● Work to complete
Only the lines from the one containing "Minimální výše jedné" through the end of the entries are to be copied, exactly and without pictures, please.

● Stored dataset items
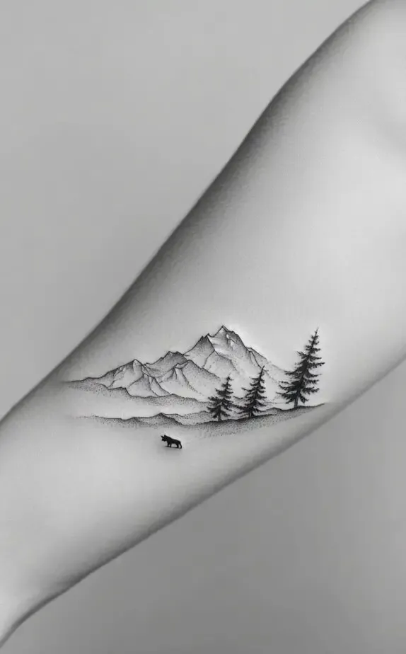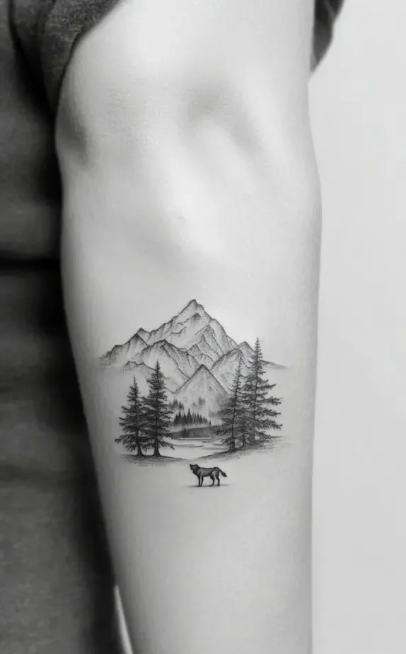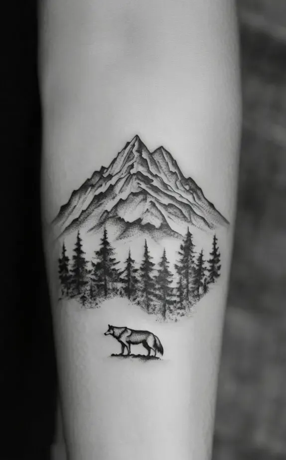 This tattoo features a prominent mountain range with a wolf standing beneath the trees. It s perfect for those who resonate with the spirit of wolves and admire the grandeur of mountains. The combination creates a feeling of solitude and strength, capturing the wild essence of nature.
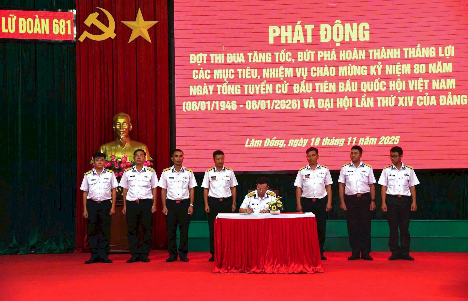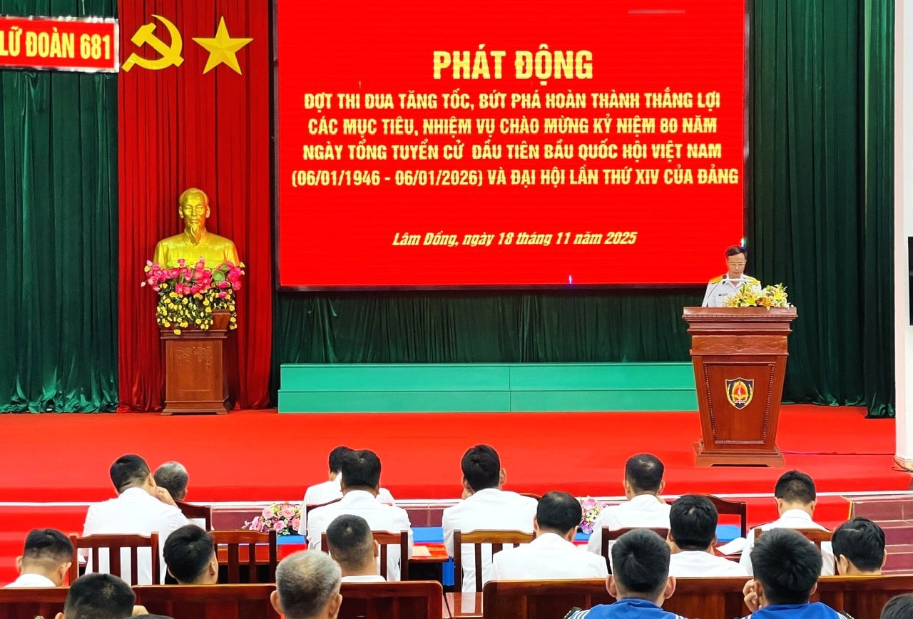 Ngay sau phần thông báo nhanh kết quả Hội nghị Trung ương 14, Lữ đoàn 681 tổ chức phát động đợt thi đua tăng tốc, bứt phá hoàn thành thắng lợi các mục tiêu, nhiệm vụ chào mừng kỷ niệm 80 năm Ngày Tổng tuyển cử đầu tiên bầu Quốc hội Việt Nam (06/01/1946 - 06/01/2026) và Đại hội lần thứ XIV của Đảng. Đợt thi đua diễn ra từ ngày 20/11/2025 - 31/1/2026, với chủ đề “40 ngày đêm hành động kiểu mẫu, tăng tốc, bứt phá, hoàn thành xuất sắc mọi nhiệm vụ được giao”.
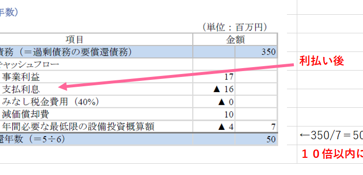一般的に、過剰債務は要償還債務から利払前キャッシュフローの10倍を差し引いて試算します(経営改善計画の場合)。
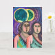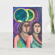Zwei Frauen unter dem Mond bunt abstrakte künstlerische künstlerische Arbeit. Das Hauptmerkmal ist die personalisierte Texterkennung, die auf dem Karteninneren ist. Es könnte ein Jubiläum, beste Freunde oder Valentinstag Karte sein.
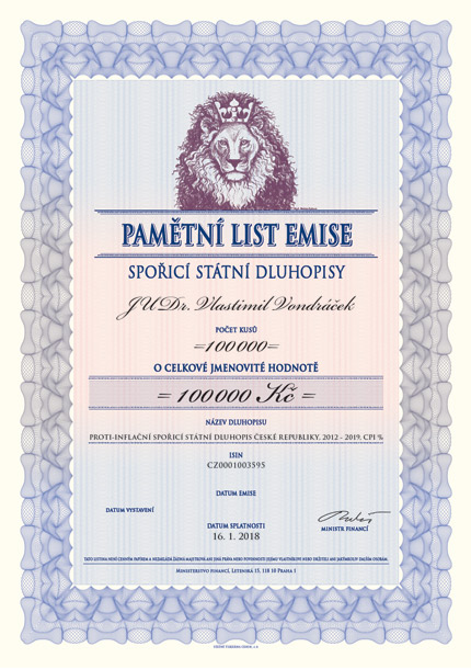Minimální výše jedné objednávky bude opět 1 000 kusů dluhopisů, přičemž jmenovitá hodnota jednoho kusu bude činit 1 Kč. Maximální počet kusů dluhopisů, které může jedna osoba celkem během upisovacího období objednat (pokud osoba podá více žádostí o úpis, tak se počet objednaných dluhopisů sčítá), bude v případě reinvestičního a variabilního dluhopisu 1 mil. Kč. Pro proti-inflační dluhopis zůstává tento limit stanoven ve výši 50 mil. Kč.
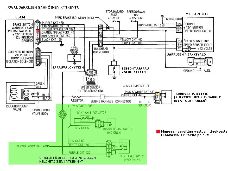 Älä kytke ALDL liittimen H ja A napoja yhteen jos BRAKE valo ei ole päällä...siitä tulee väärä vikakoodi 9 joka sytyttää BRAKE valon ja kytkee RWAL:n pois päältä
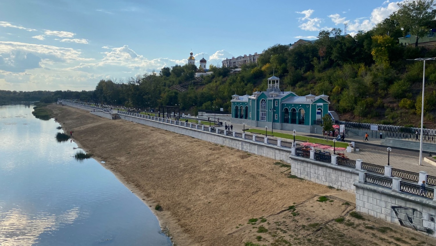 Не так давно в городе прошла масштабная реконструкция набережной. Теперь там оборудованы песчаные пляжи, прогулочные зоны, детские и игровые площадки, есть кафе и рестораны. По пешеходному мосту «Европа-Азия» или по канатной дороге можно перебраться на другой берег реки Урал, по которой проходит условная граница между Европой и Азией.
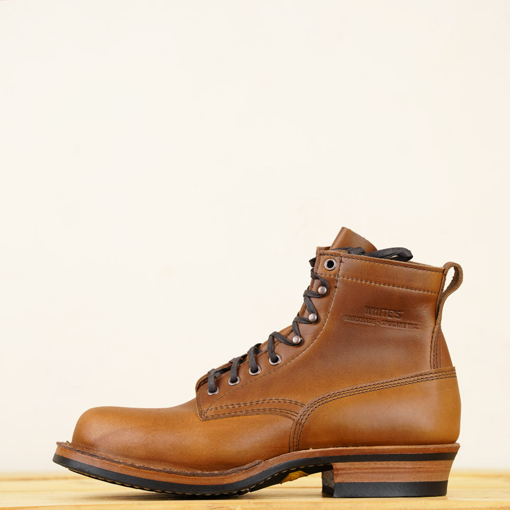 Construction: Every pair of White’s boots are handmade from start to finish. All leather, no synthetic materials or fillers are used. Stitch-down construction for strength, comfort and ability to resole. Stitched throughout with heavy gauge waxed thread. Flexible oak tanned leather mid soles, optional Vibram outer soles, strong all-leather shank custom shaped to fit your foot and the finest leather uppers that will only get better with age all make White’s a real workhorse of a boot.
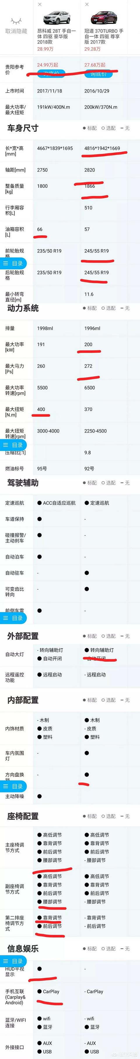 ,整体造型比较中庸,和途观一样没什么亮点,但是耐看,反观冠道,LED大灯组配合中网粗壮的镀铬饰条,加上溜背式的侧面线条,整体运动感十足,一副蓄势待发的样子。内饰的话,昂科威延续了别克一贯的豪华式设计风格,大面积的皮质包裹,相对而言虽然豪华感确实有种显性的豪华感,冠道的内饰风格豪华感不强,可是视觉效果不错,看着就很舒服。当然这种主观性强的东西不宜多说。我们来看看具体配置~~因为冠道1.5T车型也出现了机油增多的问题,所以我们直接考虑2.0T车型,好在昂科威也有2.0T车型,因为贵州地区多山路,所以还是以四驱为首要考虑吧。为了便于比较,我们以知道价格相近的两款2.0T四驱车型为例~~
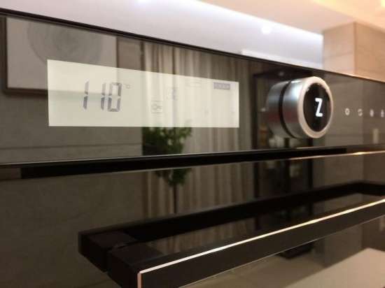 跟好多其它烤箱不同,本作乍一看是找不到腔體窗口在哪里的。因為箱門所采用的黑晶雙層隔熱玻璃將窗口很好地隱藏了起來,加之周遭的金屬材料十分厚實,這樣一來,外觀一體化程度更高,色彩和造型上也保持著高度統一。但工作狀態下打開腔內爐燈,你會有更大的驚喜:窗口真心是大,事實上占到了整個箱門80%的面積。真心要點個贊!我觀察過,國內一些傳統大品牌的面板設計,海爾、美的神馬的,基本上還是延續了

● Reply to the exercise
Minimální výše jedné objednávky bude opět 1 000 kusů dluhopisů, přičemž jmenovitá hodnota jednoho kusu bude činit 1 Kč. Maximální počet kusů dluhopisů, které může jedna osoba celkem během upisovacího období objednat (pokud osoba podá více žádostí o úpis, tak se počet objednaných dluhopisů sčítá), bude v případě reinvestičního a variabilního dluhopisu 1 mil. Kč. Pro proti-inflační dluhopis zůstává tento limit stanoven ve výši 50 mil. Kč.
 Älä kytke ALDL liittimen H ja A napoja yhteen jos BRAKE valo ei ole päällä...siitä tulee väärä vikakoodi 9 joka sytyttää BRAKE valon ja kytkee RWAL:n pois päältä
 Не так давно в городе прошла масштабная реконструкция набережной. Теперь там оборудованы песчаные пляжи, прогулочные зоны, детские и игровые площадки, есть кафе и рестораны. По пешеходному мосту «Европа-Азия» или по канатной дороге можно перебраться на другой берег реки Урал, по которой проходит условная граница между Европой и Азией.
 Construction: Every pair of White’s boots are handmade from start to finish. All leather, no synthetic materials or fillers are used. Stitch-down construction for strength, comfort and ability to resole. Stitched throughout with heavy gauge waxed thread. Flexible oak tanned leather mid soles, optional Vibram outer soles, strong all-leather shank custom shaped to fit your foot and the finest leather uppers that will only get better with age all make White’s a real workhorse of a boot.
 ,整体造型比较中庸,和途观一样没什么亮点,但是耐看,反观冠道,LED大灯组配合中网粗壮的镀铬饰条,加上溜背式的侧面线条,整体运动感十足,一副蓄势待发的样子。内饰的话,昂科威延续了别克一贯的豪华式设计风格,大面积的皮质包裹,相对而言虽然豪华感确实有种显性的豪华感,冠道的内饰风格豪华感不强,可是视觉效果不错,看着就很舒服。当然这种主观性强的东西不宜多说。我们来看看具体配置~~因为冠道1.5T车型也出现了机油增多的问题,所以我们直接考虑2.0T车型,好在昂科威也有2.0T车型,因为贵州地区多山路,所以还是以四驱为首要考虑吧。为了便于比较,我们以知道价格相近的两款2.0T四驱车型为例~~
 跟好多其它烤箱不同,本作乍一看是找不到腔體窗口在哪里的。因為箱門所采用的黑晶雙層隔熱玻璃將窗口很好地隱藏了起來,加之周遭的金屬材料十分厚實,這樣一來,外觀一體化程度更高,色彩和造型上也保持著高度統一。但工作狀態下打開腔內爐燈,你會有更大的驚喜:窗口真心是大,事實上占到了整個箱門80%的面積。真心要點個贊!我觀察過,國內一些傳統大品牌的面板設計,海爾、美的神馬的,基本上還是延續了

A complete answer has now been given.